Task to carry out:
Task for the records below: please retype exactly and only the lines from the first through the one with "Social Media &", with every picture omitted.

Dataset content:
┏━━

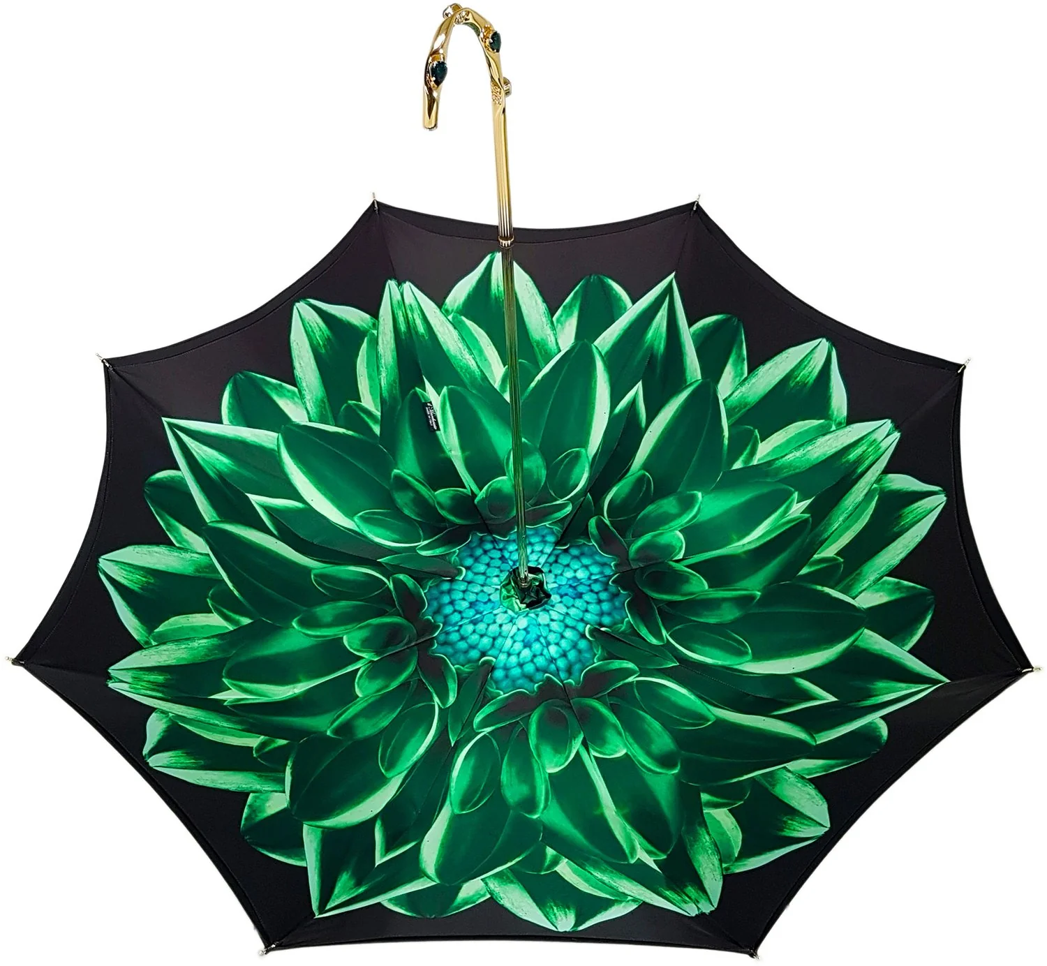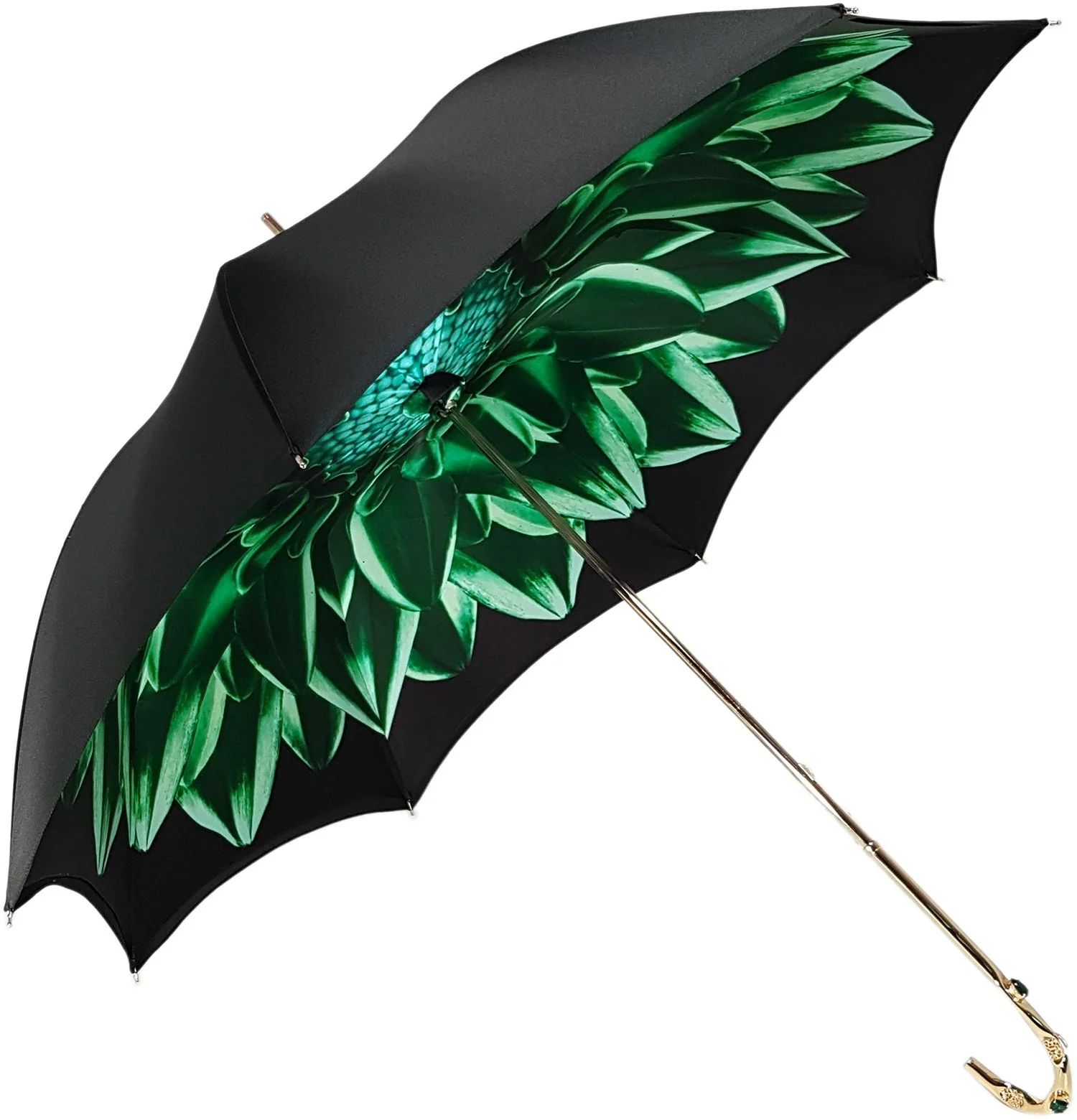 Çadër e mrekullueshme për femra e punuar me dorë, e përfunduar me një pëlhurë të hollë poliester sateni të zezë, me një dizajn ekskluziv me lule jeshile të printuar brenda .
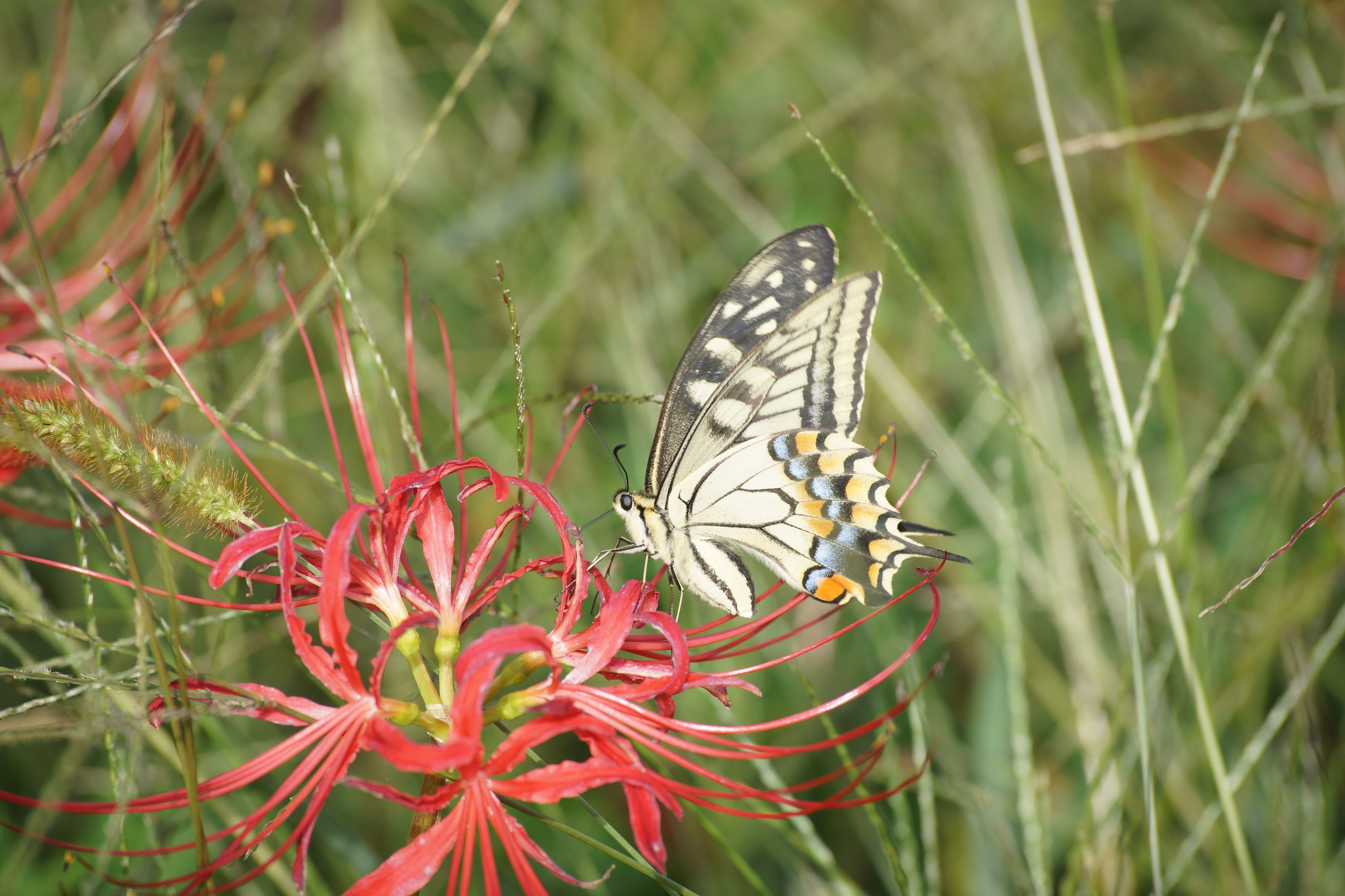 秋の花ヒガンバナが満開にキアゲハが、吸蜜に訪れていた。
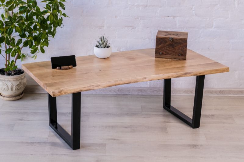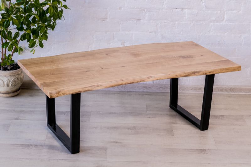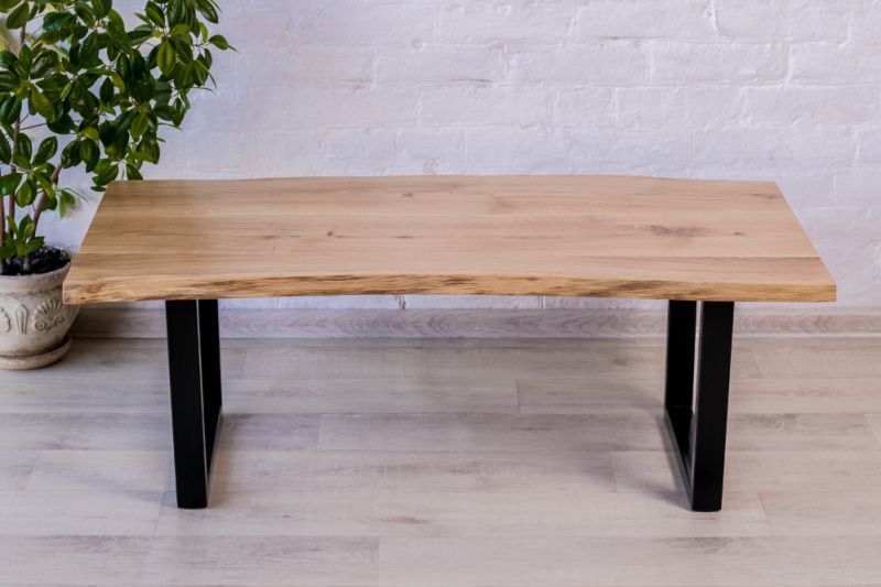 Качественный журнальный кофейный дизайнерский лакированный офисный лофт loft design live edge стол столик с металлическими ногами ножками из дуба сосны ореха в офис домой
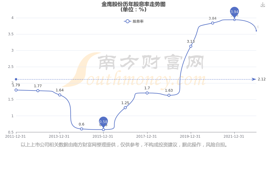 近年金鹰股份年度股息率走势如下图:
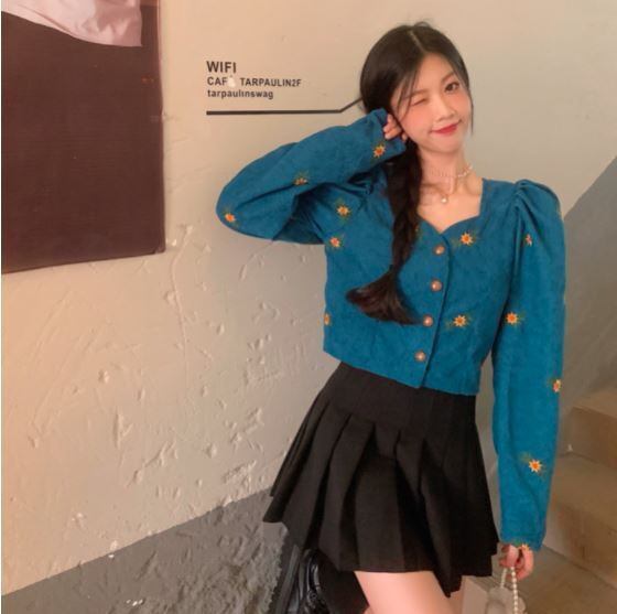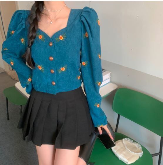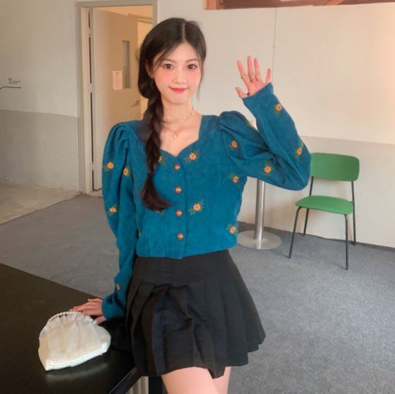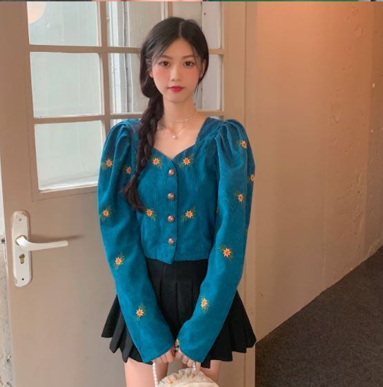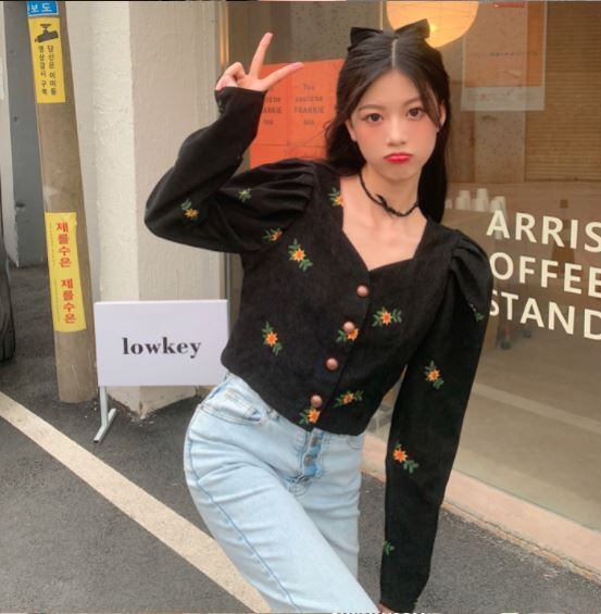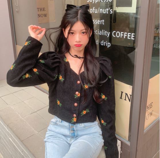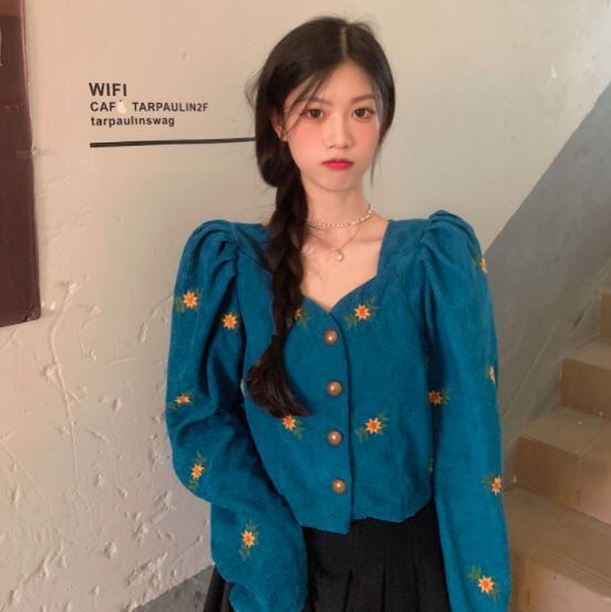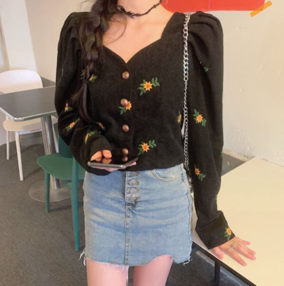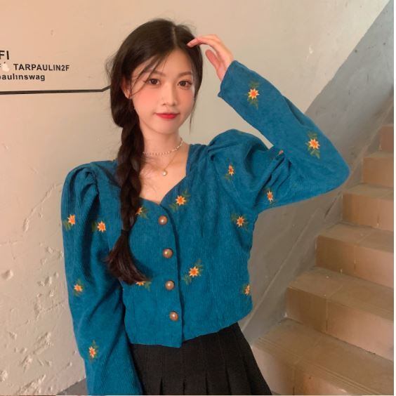 刺繍ショートカーディガントップス ショート丈 袖あり シゴ袖 Vネック 襟なし スリム タイト 細身 刺繍 前開き ボタン コーデュロイ ハイウェスト かわいい 大人可愛い きれいめ おしゃれ お洒落 レトロ 大人女子 こなれ感 ラブリー キュート 個性的 モダン 主役級 存在感 小花柄 春 秋 10代 20代 レディース 女性用 着回し コーデ スタイル モテ 流行 インスタ映え 即納 海外 イメチェン 好感度 イメージアップ 外国 注目 話題 新入荷 今だけ 目玉 おすすめ ブランド トレンディ
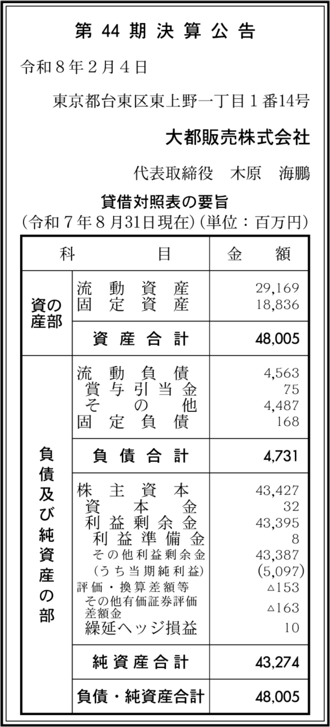株式会社大都販売東京閉鎖済み 東京都台東区 【2024年2月期】 |
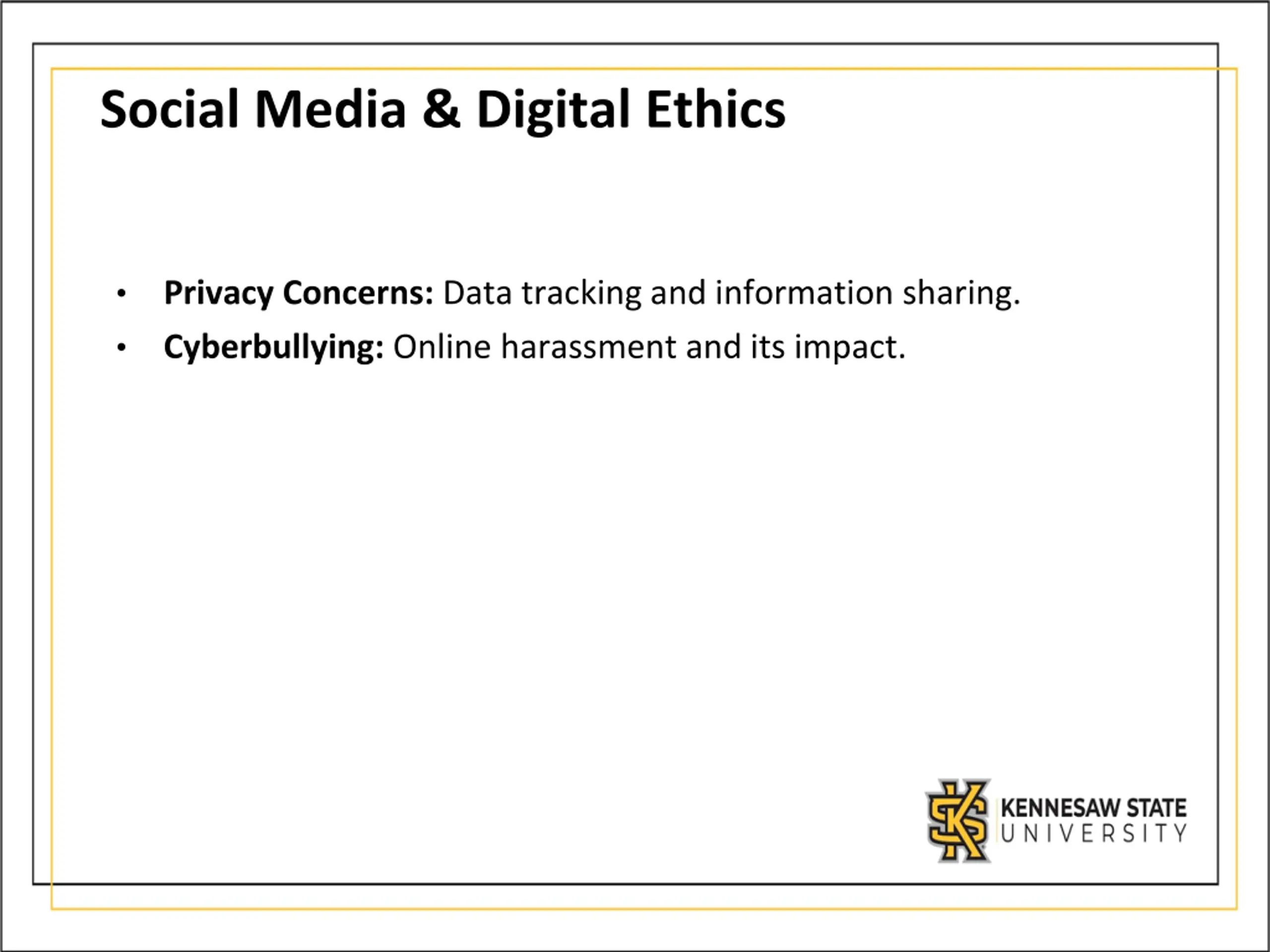 Social Media & Digital Ethics Privacy Concerns: Data tracking and information sharing. Cyberbullying: Online harassment and its impact.
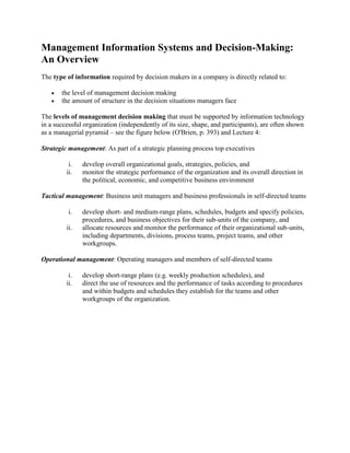 Management Information Systems and Decision-Making: An Overview discusses different types of information systems that support decision-making at various management levels. It describes strategic, tactical, and operational management and the kind of structured, semi-structured, and unstructured decisions made at each level. The document also outlines different types of information systems like Management Information Systems, Decision Support Systems, Executive Information Systems, and Specialized Processing Systems that provide information to managers and professionals. Finally, it notes that real-world information systems typically integrate various types of systems to support multiple management levels and business functions.
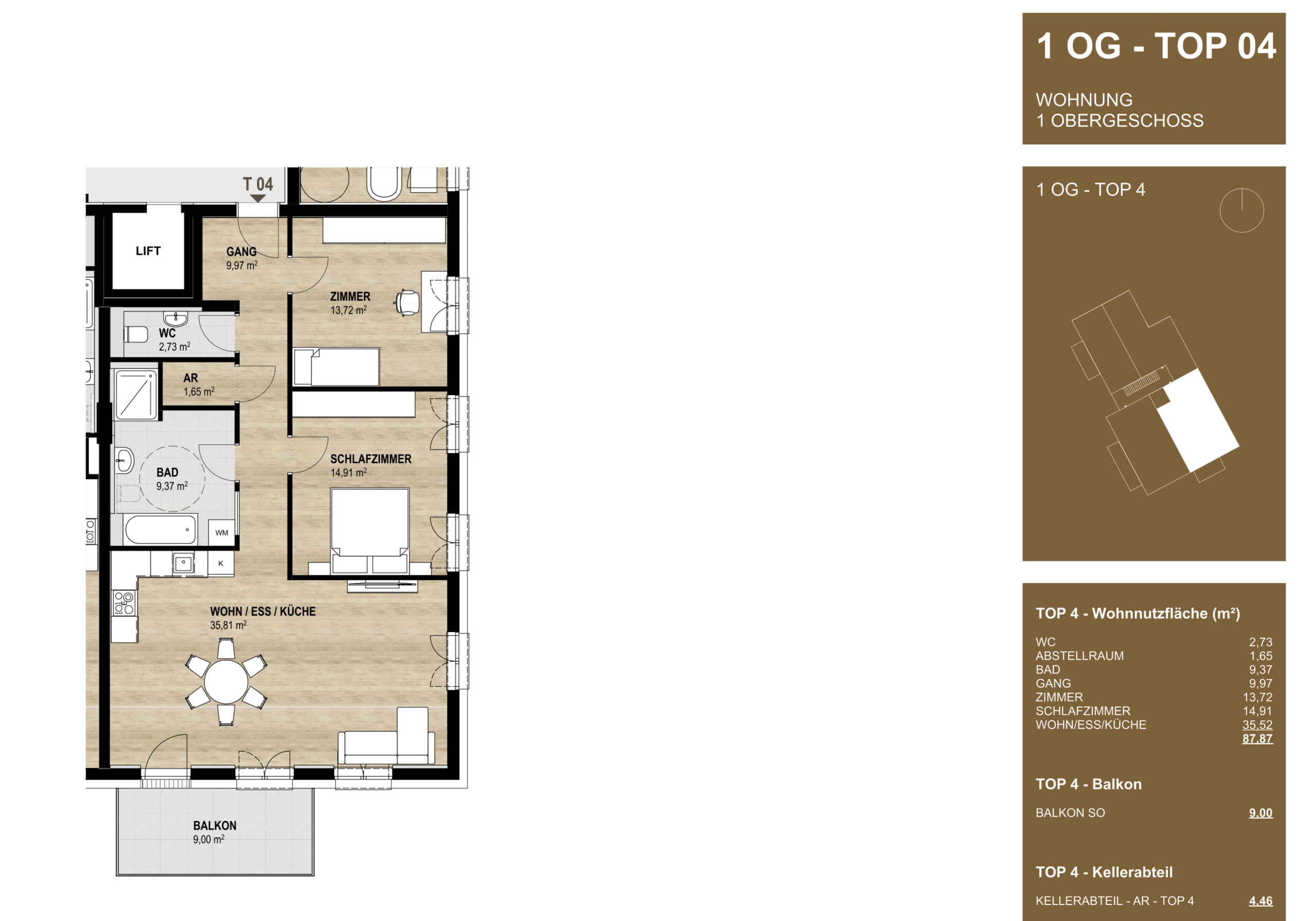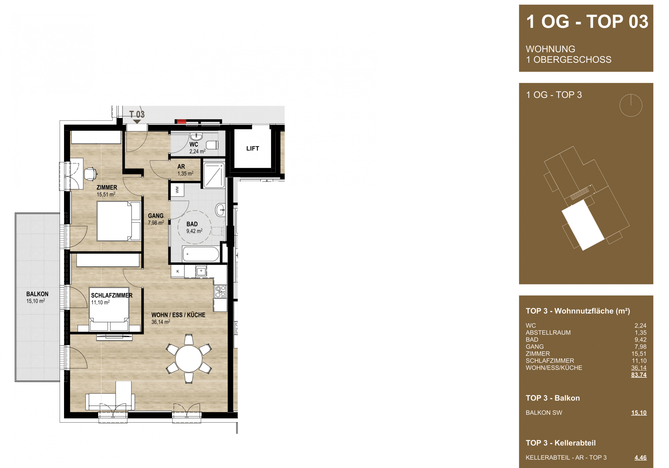 | Top 03 | 84 m² | 15 m² | 1. Stock | 3 Zimmer | 417.900 € |

┗━━

Result for this task:
 Çadër e mrekullueshme për femra e punuar me dorë, e përfunduar me një pëlhurë të hollë poliester sateni të zezë, me një dizajn ekskluziv me lule jeshile të printuar brenda .
 秋の花ヒガンバナが満開にキアゲハが、吸蜜に訪れていた。
 Качественный журнальный кофейный дизайнерский лакированный офисный лофт loft design live edge стол столик с металлическими ногами ножками из дуба сосны ореха в офис домой
 近年金鹰股份年度股息率走势如下图:
 刺繍ショートカーディガントップス ショート丈 袖あり シゴ袖 Vネック 襟なし スリム タイト 細身 刺繍 前開き ボタン コーデュロイ ハイウェスト かわいい 大人可愛い きれいめ おしゃれ お洒落 レトロ 大人女子 こなれ感 ラブリー キュート 個性的 モダン 主役級 存在感 小花柄 春 秋 10代 20代 レディース 女性用 着回し コーデ スタイル モテ 流行 インスタ映え 即納 海外 イメチェン 好感度 イメージアップ 外国 注目 話題 新入荷 今だけ 目玉 おすすめ ブランド トレンディ
株式会社大都販売東京閉鎖済み 東京都台東区 【2024年2月期】 |
 Social Media & Digital Ethics Privacy Concerns: Data tracking and information sharing. Cyberbullying: Online harassment and its impact.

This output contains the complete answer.